After finding "стажування та працевлаштування!" in a line below, print that line and the rest of the lines exactly, leaving out all pictures.

* DATA BELOW:
--*--

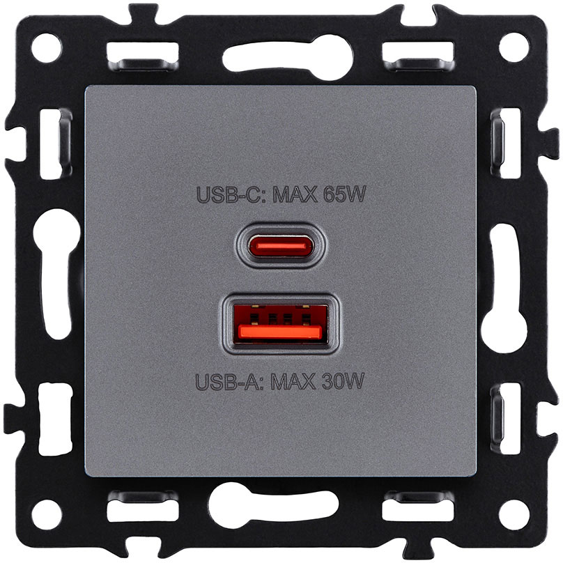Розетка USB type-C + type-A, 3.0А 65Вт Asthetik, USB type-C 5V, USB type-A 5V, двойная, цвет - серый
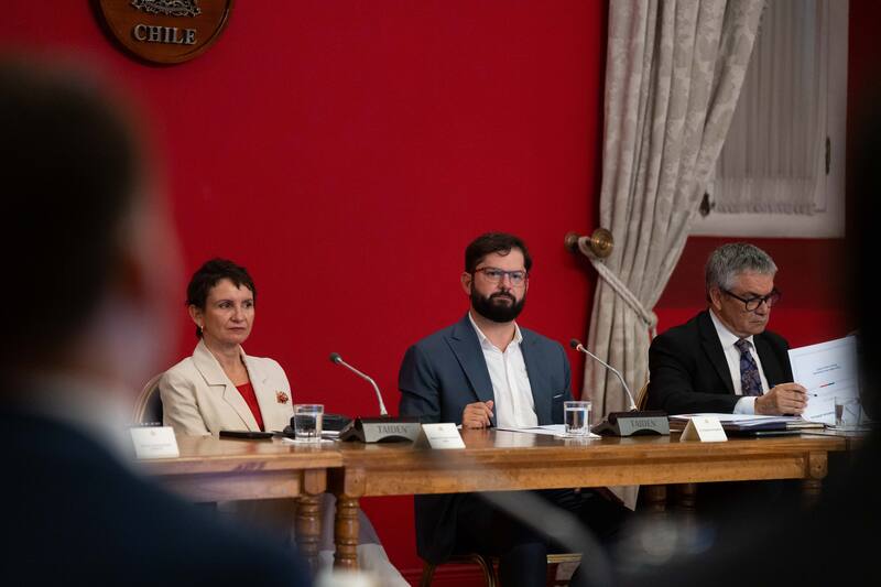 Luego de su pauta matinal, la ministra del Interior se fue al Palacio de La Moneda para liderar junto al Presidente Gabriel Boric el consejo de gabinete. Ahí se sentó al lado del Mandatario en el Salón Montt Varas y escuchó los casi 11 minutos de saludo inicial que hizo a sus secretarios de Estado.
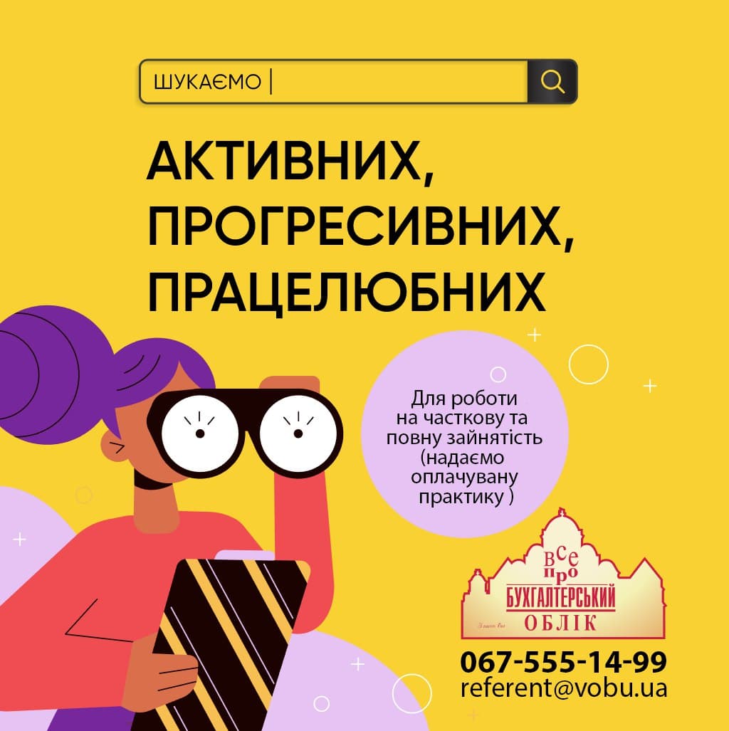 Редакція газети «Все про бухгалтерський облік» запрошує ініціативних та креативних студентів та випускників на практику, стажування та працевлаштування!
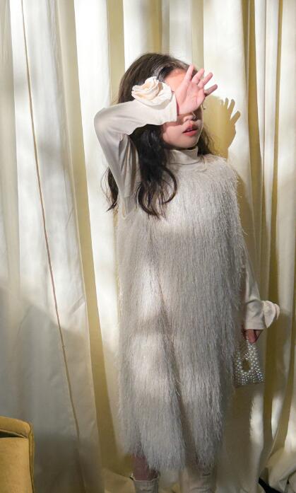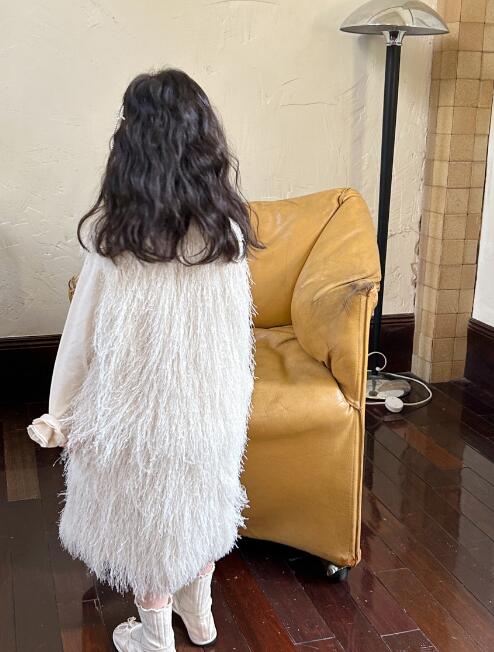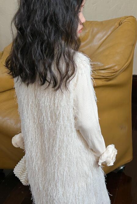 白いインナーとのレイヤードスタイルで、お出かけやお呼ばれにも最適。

--*--

* OUTPUT FOR THIS TASK:
 Редакція газети «Все про бухгалтерський облік» запрошує ініціативних та креативних студентів та випускників на практику, стажування та працевлаштування!
 白いインナーとのレイヤードスタイルで、お出かけやお呼ばれにも最適。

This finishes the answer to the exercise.